Specialized Mouthparts

  • Carnivores and herbivores have different mouthparts related to the physical characteristics of meat and plant leaves.

Eating Meat
  • Carnivores have sharp mouthparts or structures to capture, hold, and slice food.

  • Carnivorous mammals like wolves have sharp teeth to grab, tear, and slice food.

  • Jaw bones and muscles are adapted for up-and-down movements to chop meat into small pieces.

Eating Plant Leaves
  • Herbivores have mouthparts adapted to rasping or grinding.

  • They need to tear plant cell walls and expose their contents.

  • Herbivorous invertebrates have mouthparts that grind and pulverize leaf tissues.

  • Herbivorous mammals like horses have front teeth and muscular lips for grabbing and pulling leaves, and flattened molars for grinding leaves to a pulp.

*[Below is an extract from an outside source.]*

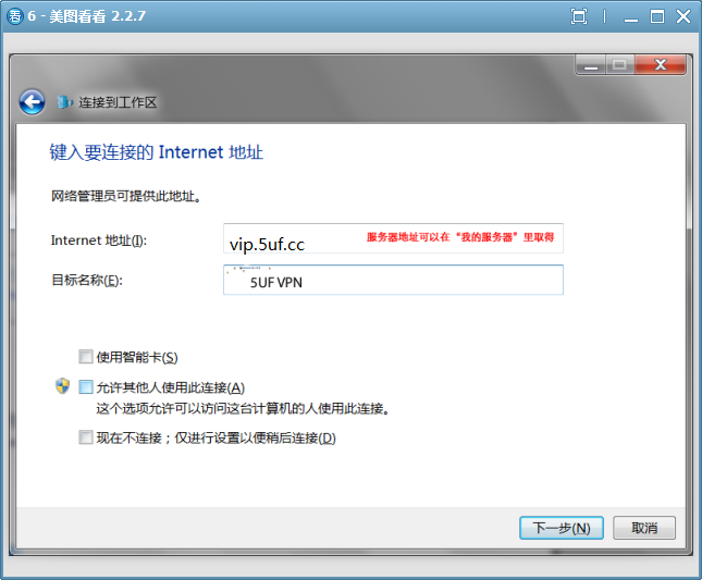 第六步:”Internet地址“栏填写”vip.5uf.cc“,在服务器栏中填入“vip.5uf.cc(服务器地址可以在"我的服务器"获得)”目标名称“填写”无忧府VPN“,点击下一步

  • Jaw bones and muscles are adapted for side-to-side grinding movements.

Specialized Digestive Tracts

  • Carnivorous invertebrates and vertebrates have short digestive tracts that produce fast-acting, meat-digesting enzymes that digest most cell types in animal tissues.

  • No animal produces enzymes to break down cellulose in plant tissue.

  • Some herbivores have long intestines or specialized pouches with microbial symbionts that digest cellulose.

  • Cattle have a rumen, where symbiotic bacteria digest cellulose.

  • Ruminants regurgitate partially digested food from the rumen, chew it again, and reswallow it (chewing the cud).